Arduino Starter Kit Project 03

Arduino Starter Kit Project 03

Ogheneyoma Okobiah's photo
Ogheneyoma Okobiah

Published on Aug 3, 2020

6 min read

In project 02, we wrote our first lines of Arduino code. In this project, we will not only be writing code, but we will also work with our first sensor, the temperature sensor.

Requirements

  • Three red LEDs
  • Three 220 ohm resistors
  • Temperature sensor
  • Jumper wires

The project description as written in the project's book;

You'll be using a temperature sensor to measure how warm your skin is. This component outputs a changing voltage depending on the temperature it senses. It has three pins: one that connects to the ground, another that connects to power, and a third that outputs a variable voltage to your Arduino. In the sketch for this project, you'll read the sensor's output and use it to turn LEDs on and off, indicating how warm you are. There are several different models of temperature sensors. This model, the TMP36, is convenient because it outputs a voltage that changes directly proportional to the temperature in degrees Celsius.

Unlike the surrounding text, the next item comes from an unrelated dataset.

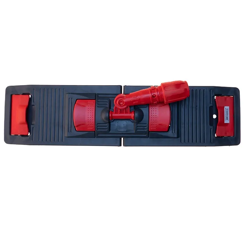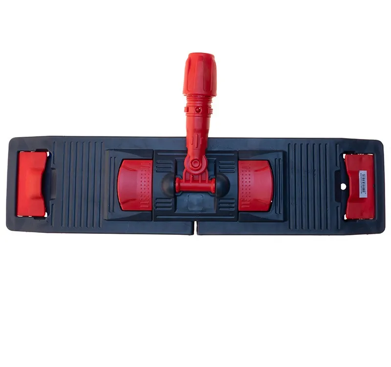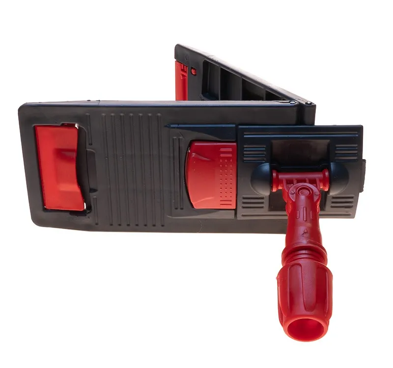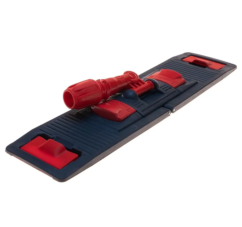 Универсальный держатель мопов NPK196 имеет размер рабочей поверхности 50 х 13 см. Флаундер для плоских мопов выполнен из высокопрочного, устойчивого к ударам и нагрузкам пластика (полипропилена), имеет две педали для удобного складывания, оснащен шарнирным соединением, обеспечивающим хороший контакт мопа с поверхностью и свободу движений.Конструкция держателя предусматривает крепление ручек винтовым или зажимным вариантом и позволяет крепить плоские насадки (мопы) несколькими способами: при помощи кармана и боковых лент (ухо).При креплении насадки (мопа) на универсальный флаундер через ухо, при складывании держателя, насадка провисает. Это позволяет отжимать её не снимая, а при использовании отжима, производить бесконтактный отжим, сохраняя руки в чистоте.Крепление насадки способом через карман не предусматривает бесконтактный отжим. При таком способе крепления плоского мопа необходимо нажать на одну-две педали держателя, вставить его в карманы насадки, опустив на поверхность пола, с небольшим нажимом защелкнуть педали на место, надежно закрепив насадку на флаундере.

The Arduino software (IDE) comes with a serial monitor tool that enables you to report back results from the microcontroller. Using the serial monitor, you can get information about the status of the sensors and get an idea about what is happening in your circuit and code as it runs.

The breadboard and circuit schematics as drawn in the project's book;

bread.png

circuit.png

The Code

We covered the structure of Arduino code in project 02, where we talked about the setup() and the loop() functions. We also dealt with variables and digital pins. In this project, in addition, we will be dealing with analog pins and constants.

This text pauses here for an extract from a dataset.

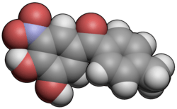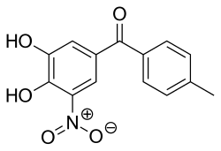 Tolcapone, sold under the brand name Tasmar, is a medication used to treat Parkinson's disease (PD). It is a selective, potent and reversible nitrocatechol-type inhibitor of the enzyme catechol-O-methyltransferase (COMT).[4] It has demonstrated significant liver toxicity, which has led to suspension of marketing authorisations in a number of countries.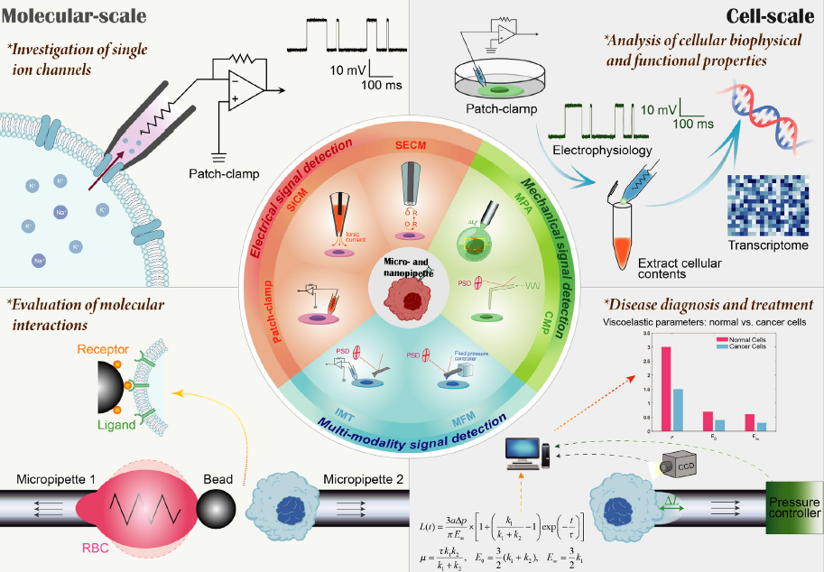 本文聚焦微纳移液管在单细胞信号检测领域的最新进展,系统介绍代表性技术的原理、工作模式及核心创新。同时,重点阐述了微纳移液管在分子与细胞尺度上的具体应用,包括单离子通道研究、分子相互作用探测、生物物理与功能特性分析以及疾病诊断与治疗等方向。这些应用正在重塑生物学研究格局,为解析复杂细胞过程提供了新视角。

Analog systems, unlike digital systems, which transmit information in either 0 or 1 format, transmit the information as electric pulses of different amplitude. The Arduino has a built-in Analog-to-Digital Converter (ADC). Analog pins A0-A5 have values that range from 0-1023 Constants are different from variables in the sense that they cannot change.

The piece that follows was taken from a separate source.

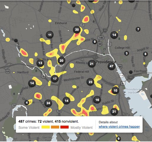 See crime maps and links for Providence -- as well as natural disasters and home value maps -- below.

Let's run through the code below.

  • We start by defining our constants. The sensorPin is the analog pin on which the sensor is connected. The baselineTemp is the temperature in your current environment. If you have no means of measuring the temperature, let's give it the default value for room temperature, 25 degrees Celsius.
  • In the setup(), we use Serial.begin() to allow the Arduino to send messages via the Serial monitor. It takes two arguments Serial.begin(speed, config), the latter is optional. In this case, we're telling the Arduino to communicate at a rate of 9600 bits per second.
  • We use a for() loop to set the pins we connected to the LEDs, unlike project 02, where we defined each pin one after the other, here we set everything in the loop LOW, pin 2 to 4.
  • In the loop(), we defined a variable sensorVal which stores the value of the sensorPin, which is our analog pin. Then, we use analogRead() to get the value from the analog pin.
  • Serial.print() displays human-readable data on the serial monitor. It can display the value of a variable or of anything you type in quotation marks.
  • Here's a formula for converting ADC reading to voltage. Screenshot 2020-08-02 at 18.13.21.png

In this case, we're looking for the voltage value, making that the subject of the formula, we store the value in the variable named voltage. Then we print it out to the serial monitor.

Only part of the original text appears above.